That just proves my point about how it has been decades since ST has had mainstream success. Yes, TNG had awesome ratings. It's been downhill since then. Each successive series has done worst than the last. Same with movies. The Kelvin movies were able to break that for a bit but yet the downward trend is still there.
It's
really fucking hard to make a mainstream success show. There is just SO MUCH that has to work perfectly, plus so, so many things needed nobody has an influence on, it comes down to amazing talent + pure luck.
Star Trek has hit that point already
twice in it's history. That's fuckin' unbelievable and amazing. And in my opinion Trek hís one of the unique properties that has the ability to hit that a third (or fourth) time again. Because the core concept of exploration and adventures between the stars is pretty much timeless, and will forever have an immense appeal to it.
It's just
damn hard to get there. Because Trek is intrinsically hard to write for - it's a future that has
LESS conflict than today, which makes it really hard to generate narrative conflict for a story, let alone for an entire season. But as soon as you start a major conflict (say, a war with the klingons), you kinda' move away from the core concept that made Trek so interesting to begin with.
It's like writing for Superman. It's damn hard. I'm super confident there will be a Superman movie in the future that hits all the notes perfecty - and is going to be a huuuge success overshadowing all other superhero movies. And it's almost a certainy such a perfect Superman movie will be made one day. But it's pretty impossible to guess
when that will be - and we will have lots and lots of bad to mediocre Superman movies in the meantime. The same holds IMO true for Star Trek.. It's just too perfect a concept not be made perfectly one day, but it's nearly impossible to hit it right away, and there will be many misses - as in okay-but-not-perfect-trials - on the way.
Yet, you get something new and wonderful like GoT and it takes off. I love that show. Although, I haven't looked up the ratings.
You should check the numbers out. They're
bonkers.
The problem with DSC is that it's perceived as "just another Star Trek series" in a collection of Star Trek series.

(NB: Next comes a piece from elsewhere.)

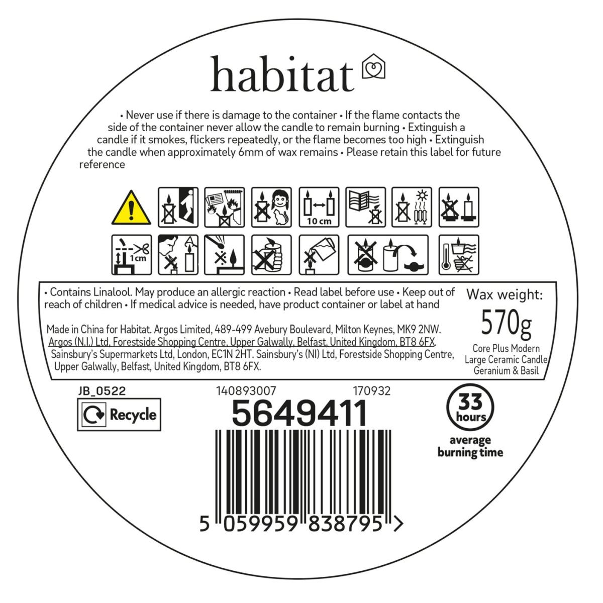 Habitat Multi Wick Large Ceramic Candle - Geranium & Basil
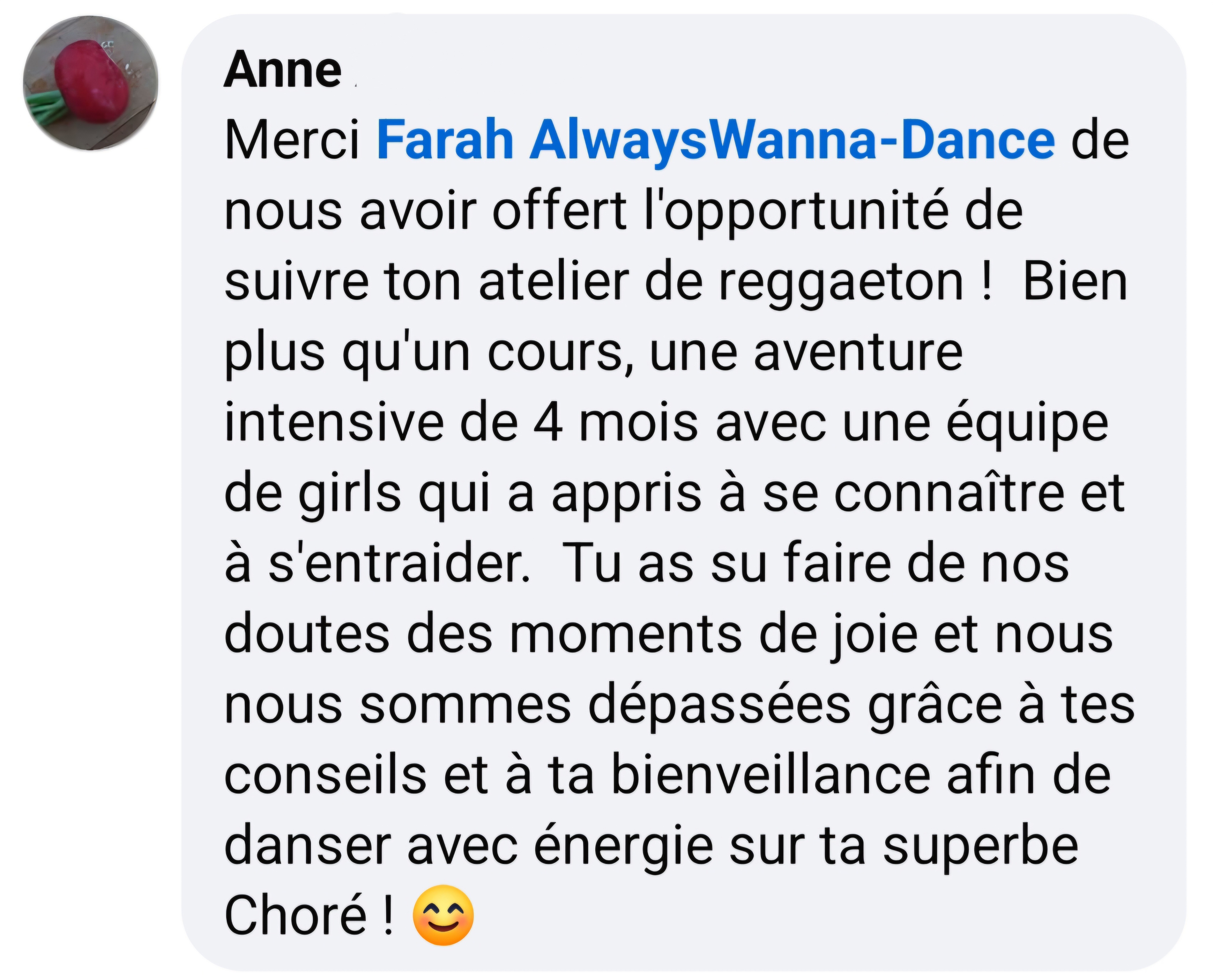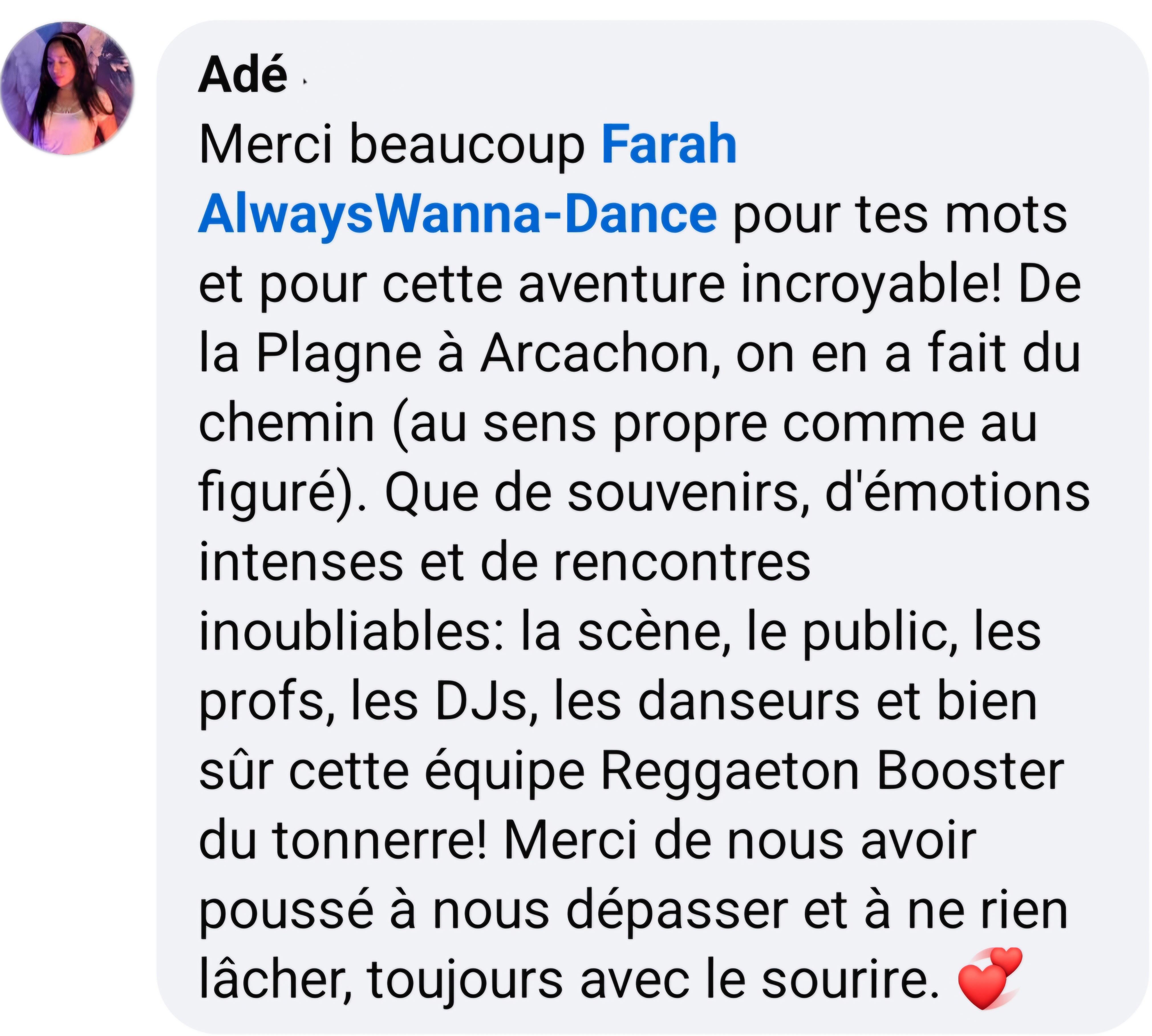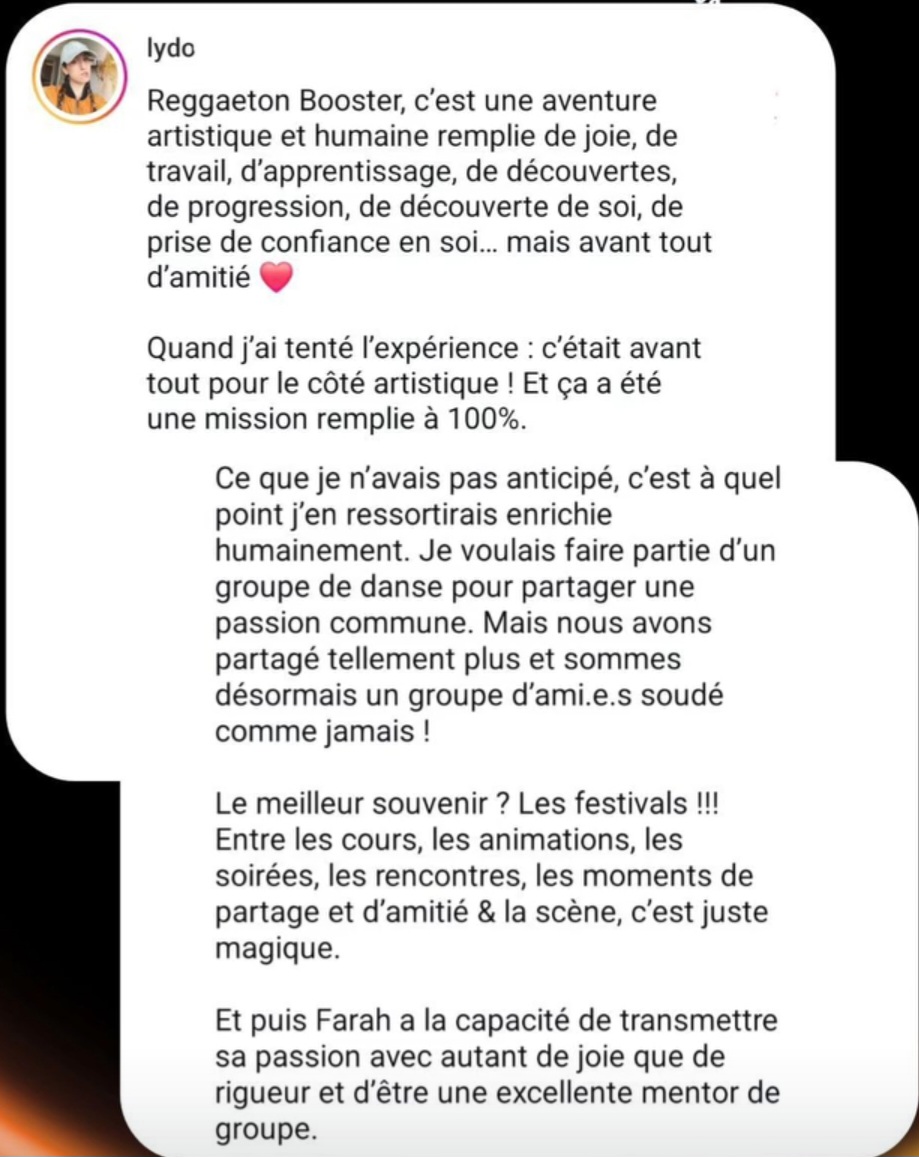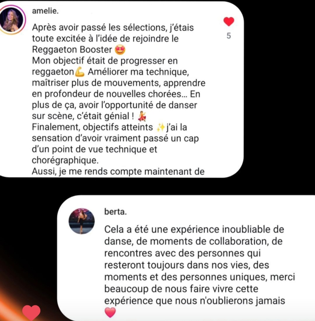 > Donne le meilleur de toi-même en cours/stages (Précisions des mouvements, Energie, Sourire,...)...

That's pretty much the gist of it. It's pretty good to have those "other Treks" to keep the franchise warm. They keep the interest in the brand and the money flowing. But one day they'll need another big headliner again. I don't know if the Picard show could be that - but who knows? If the chips fall perfectly, it could be the one that attracts all the people only vaguely familiar with Trek (or Picard meme faces) back. If they make it "just another Trek series", then - well - we'll have another Trek series. Not bad either.